Вне закона - Овидий Горчаков
Шрифт:
Интервал:
– Гляди, чтобы эта кобыла тебя в Пропойск не увезла, – смеясь, сказал мне на прощание Кухарченко. – Мы ее у пропойского полицая отобрали.
С тяжким вздохом и самыми мрачными предчувствиями взялся я за дело. Как говорится, взялся за гуж – за гужевой транспорт то есть, – не говори, что не дюж. С трепетом уселся я позади лошадиного хвоста, взял ременные вожжи и, поразмыслив, сложил губы бантиком, издал звук поцелуя. Вороная, черная как ночь кобыла взмахнула хвостом, попав мне по губам. Что она хотела этим сказать, я не понял.
Лунные партизанские ночи уже не вызывали недавнего восторга. С опаской вглядывался я в лунное марево. Какие только страхи не мерещились мне в обманчивой игре светотени.
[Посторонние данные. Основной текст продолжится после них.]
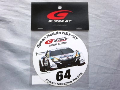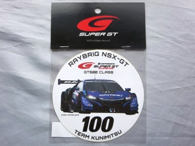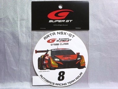 2019年5月スーパーGT第3戦鈴鹿にて、スーパーGTオフィシャルショップのブースにて購入。 前シーズンの売れ残りを販売しており(ただし定価の税込300円のまま)新シーズンのものはまだできていないようであった。 GT500クラス参戦車両の全てのステッカーが製作販売されているが、ブースではNSX5種のうちARTAのみ完売しており(オフィシャルサイトでは2019年6月現在全種購入可)残りの4種を購入。 後日オフィシャルサイトでARTAを購入。 1枚300円。サイズは直径9.5cm。 |

Вооружившись шомполом, я все же заставил лошадь взять старт. Я поминутно издавал звуки и восклицания в подражание отрядному конюху, вроде «тпру», «но, милай» и «эй, хвороба!». Животное, на редкость вредное и бестолковое, упорно лезло в кювет, круто заворачивало, норовя увезти меня в открытое поле, в Пропойск, что ли. Я выбился из сил, колотя по лошадиному крупу, обливался в предвидении неминучей катастрофы холодным потом. И вдруг, точно налетев на каменную стену, лошадь стала, в раздумье повесила голову. Я поднялся и, размахнувшись, с мстительным наслаждением огрел клячу прикладом. И от того, что случилось дальше, волосы мои поднялись дыбом. Лошадь рванула вперед, как призовой конь, а я, подвода и все военное имущество остались на месте…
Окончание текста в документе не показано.